Vale destacar que foi demonstrado que a Lei do Racismo descreve condutas às quais
se amoldam os diferentes tipos de preconceito, tais como a xenofobia, a intolerância religiosa
e, em última análise, a homofobia, visto que o conceito do termo raça está intimamente
conectado ao contexto histórico-social, sendo, por isso, fluido e não determinado pelas
similaridades físicas entre os integrantes do grupo tido como racializado.

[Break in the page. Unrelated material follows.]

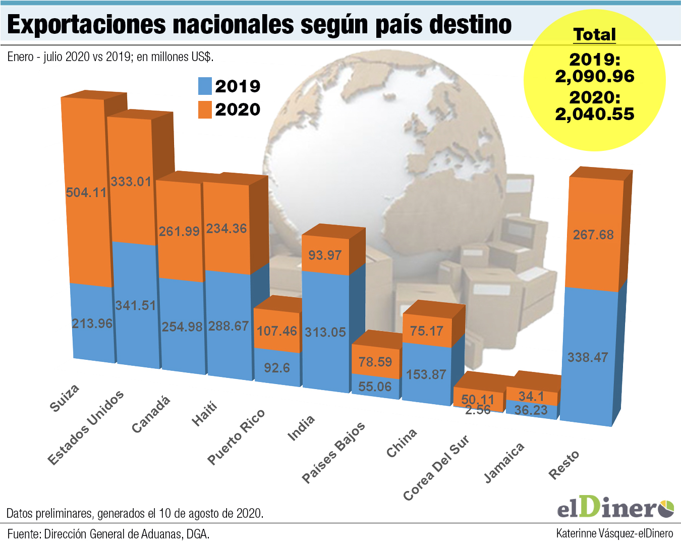 Conforme a los datos del Centro de Exportación e Inversión de la República Dominicana (CEI-RD), los principales destinos de exportaciones totales entre enero y julio lo ocuparon: Estados Unidos con un valor exportado por US$2,632.5 millones, Suiza, con US$510.5millones, Haití, con US$396.1 millones, Canadá, con US$280.1 millones, y Puerto Rico con un total exportado de US$272.8 millones.
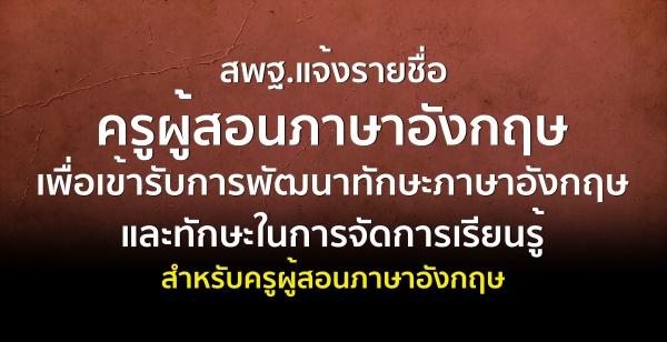 สพฐ.แจ้งรายชื่อครูผู้สอนภาษาอังกฤษเพื่อเข้ารับการพัฒนาทักษะภาษาอังกฤษและทักษะในการจัดการเรียนรู้สำหรับครูผู้สอนภาษาอังกฤษ

Portanto, concluiu-se que as decisões proferidas, no julgamento da ADO 26 e do MI
4733, pela Corte Constitucional, observaram o princípio da legalidade penal e os seus
desdobramentos, pois: 1) a Lei nº 7.716/1989, que contém a norma penal incriminadora da
homofobia no termo “raça”, previsto nos artigos desse diploma legal, seguiu o devido trâmite
legislativo (lei estrita); 2) a Suprema Corte não incorreu em analogia in malam partem, visto
que não criou nenhum tipo penal e, sim, procedeu à interpretação conforme à Constituição do
termo “raça”, contido na Lei do Racismo (lei escrita); 3) o STF, ao interpretar o termo “raça”

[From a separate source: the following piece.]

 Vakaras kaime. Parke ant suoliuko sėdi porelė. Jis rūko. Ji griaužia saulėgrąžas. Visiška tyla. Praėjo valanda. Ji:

conforme à Constituição, não agiu com base no subjetivismo dos julgadores ou por mero
capricho destinado a satisfazer os interesses do grupo LGBT+, tendo, somente, determinado o
alcance do vocábulo “raça”, previsto na Lei do Racismo (lei certa); e, 4) as condutas
homofóbicas, passíveis de ser punidas criminalmente, foram definidas por lei anterior e por
prévia cominação de sanção penal (lei prévia).